Player cards are not the only cards with trait synergies; encounter cards too, have traits that can be important to consider. Orc enemies, for example are much easier to kill than other kinds of enemies because of a number of player cards that key off of that trait. Some treacheries become condition attachments on player cards, which are easier for a player to discard than other kinds of attachments.
What follows is an overview of the Dwarf trait, the most powerful trait in the game, at this point. Included are suggestions on how to design Dwarf decks to maximize these trait synergies. As more traits are introduced, and existing traits are strengthened in upcoming expansions and cycles, look for continuing articles in this series.
Any discussion of the Dwarf trait has to begin with Dain Ironfoot. His ability to boost the willpower and attack of all dwarves (including himself) while he is ready is one of the most powerful character abilities in the game. This is an example where a single card choice has a tremendous impact on the other deck-building decisions that you make. If Dain is one of your heroes, it is to your advantage to choose dwarves as your other heroes and to include as many dwarf allies as you can. Minor trait synergies can be added to your deck without having much of an impact on the overall card pool that you choose from, but Dain is so powerful that you want to maximize his impact. Sure, you can still splash other allies in a deck with Dain, to provide abilities like healing that dwarves don’t provide, just know that the more non-dwarf allies you include, the weaker your decks synergy with Dain. As a general rule, using a hero with 10 or more starting threat that has weak synergy with the cards in your deck is a bad idea.
The Hobbit: Over Hill and Under Hill saga expansion gave us more heroes with dwarf synergy. Thorin Oakenshield, Ori and Nori, all have abilities that necessitate playing dwarf allies in your deck. In the case of Thorin and Ori, they both require you to have 5 dwarf characters in play (for an extra resource, or card drawn, respectively), something that is easy to do if you play 3 dwarf heroes and some inexpensive dwarf allies. Nori has a particularly interesting ability in a dwarf deck. His ability reads:
Response: After a dwarf ally enters play under your control, reduce your threat by 1.

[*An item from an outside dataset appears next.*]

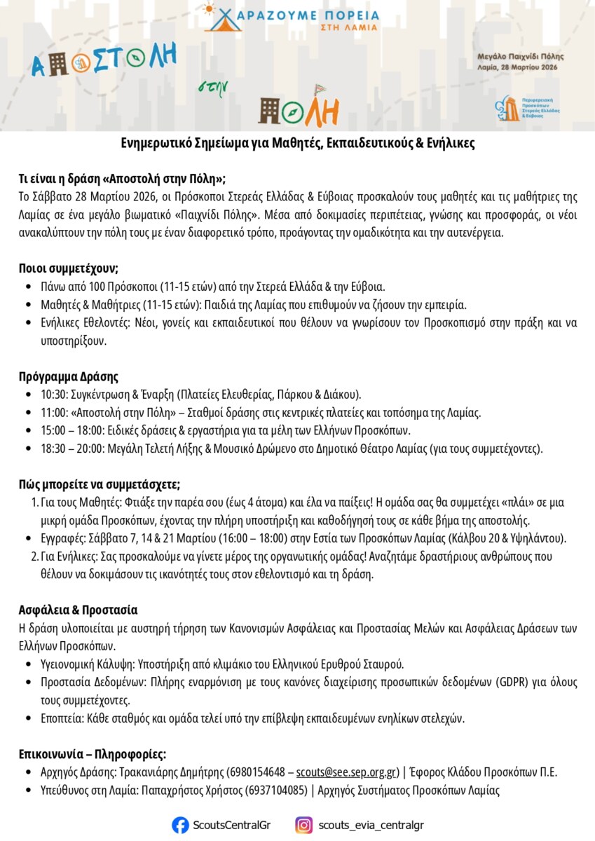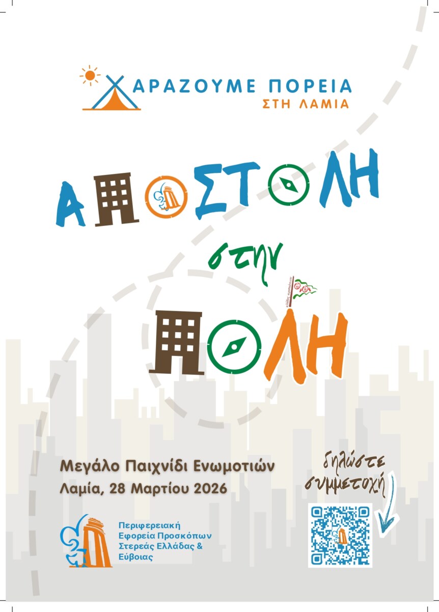 Η Περιφερειακή Εφορεία Προσκόπων Στερεάς Ελλάδας & Εύβοιας σας προσκαλεί σε μια ξεχωριστή εθελοντική δράση με τίτλο «Αποστολή στην Πόλη», που θα πραγματοποιηθεί το Σάββατο 28 Μαρτίου 2026.
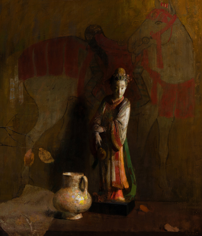 The Armenian-born artist Hovsep Pushman, who settled in New York in 1919, established the standard for Orientalist still-life and figure painting during the 1920s through the 1940s. His paintings, like this circa-1940 work, typically include a wide range of Asian objects glowing duskily, as if illuminated by candlelight. An aficionado of Chinese culture and philosophy, Pushman intended his paintings to function symbolically, and he often paired them with mystical or spiritual readings.

This ability is amazing in a deck with dwarf allies, especially because it is triggered by the ally “entering play” rather than being “played from your hand”. (Editor’s Note: Since this article was written, Nori received errata so that his ability only triggers when a dwarf is played from a player’s hand.)
This means that Spirit Bofur, Kili and his brother Fili, or any dwarf ally brought into play using Stand and Fight, all trigger this ability. Bofur in particular is quite good with Nori, as he allows you to lower your threat by 1 each round as long as you can pay the single spirit resource to add him to the quest using his ability. One resource to contribue 2 willpower to the quest (3 if Dain is in play) and lower your threat by 1 is quite a bargain. If you or another player happens to have the Horn of Gondor in play there is not even a net resource loss from this little trick. (Editor’s Note, Again: Since this article was written, Horn of Gondor received errata so that it can only be triggered when a character is destroyed.)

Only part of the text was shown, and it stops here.